Arlene Foster reveals plans to meet Gaeilgeoirí following government ultimatum to reach devolution deal

Arlene Foster said she would meet Irish language supporters over the coming days. Picture by Hugh Russell

ARLENE Foster has said she wants to "respect and better understand" the Irish language and revealed plans to meet Gaeilgeoirí over the coming days.

The DUP leader said she recognised that people want to be facilitated in speaking Irish but it "needs to be seen in the context of the whole cultural respect and affirmation of identity in Northern Ireland".

She was speaking as Stormont's parties were given one last chance to resolve their differences before the north faces a fresh election or direct rule.

Secretary of State James Brokenshire issued the ultimatum as he suspended the latest phase of the post-election negotiations until after Easter.

The parties are expected to meet next week ahead of more formal engagement with the two governments beginning on Monday April 24.

Legacy and an Irish language act remain the main stumbling blocks in the talks, where it is understood the DUP has proposed more wide-ranging language measures that would include Ulster-Scots.

During the election campaign, Mrs Foster insisted she would not agree to Sinn Féin demands for an Irish language act and appeared to describe her former government partners as "crocodiles".

She said yesterday: “We do want to respect and indeed better understand the language and culture which we are not a part of and, to that end, over the next short period of time, I do intend to listen and to engage with those from the Gaelic/Irish background, those without party political baggage or indeed demands, people who genuinely love the Irish language and don’t want to use it as a political weapon."

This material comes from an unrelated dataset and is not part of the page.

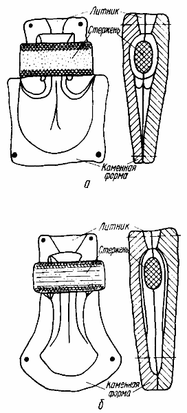 Особенно высокого развития достигло литейное ремесло на территории древней Грузии в период средней: бронзы. Хотя по-прежнему основными литыми изделиями оставались топоры и разного вида оружие, но наряду с ними изготовляется большое количество разнообразных украшений.Хорошо зарекомендовавшая себя ранее каменная литейная форма для отливок простой конфигурации остается основной и в этот период, но мастера Грузии умело используют большие ее возможности. Разнообразные варианты изготовления каменных форм относятся ко II тысячелетию до н. э. Применяются формы не только с горизонтальным, но и с вертикальным разъемами (рис. 3), что требовало уже тщательной и точной подгонки. Выбор положения формы при заливке, а также рациональное устройство литниковой системы (верхний подвод в массивную часть формы через увеличенный литник) — свидетельство высокой техники литья. Об этом также говорят отливки в сложных формах, полученных по выплавляемым моделям, и применение глиняных стержней в каменных формах.

The former first minister added: "We do recognise that there are people who love the language, who want to speak the language and be facilitated in that respect, but we also say that in respect of Ulster Scots and Orange and British identity that there needs to be respect held for those cultures as well."

Sinn Fein president Gerry Adams repeated his view yesterday that a deal rested on the DUP agreeing to a "rights-based" issues, including language rights and same-sex marriage.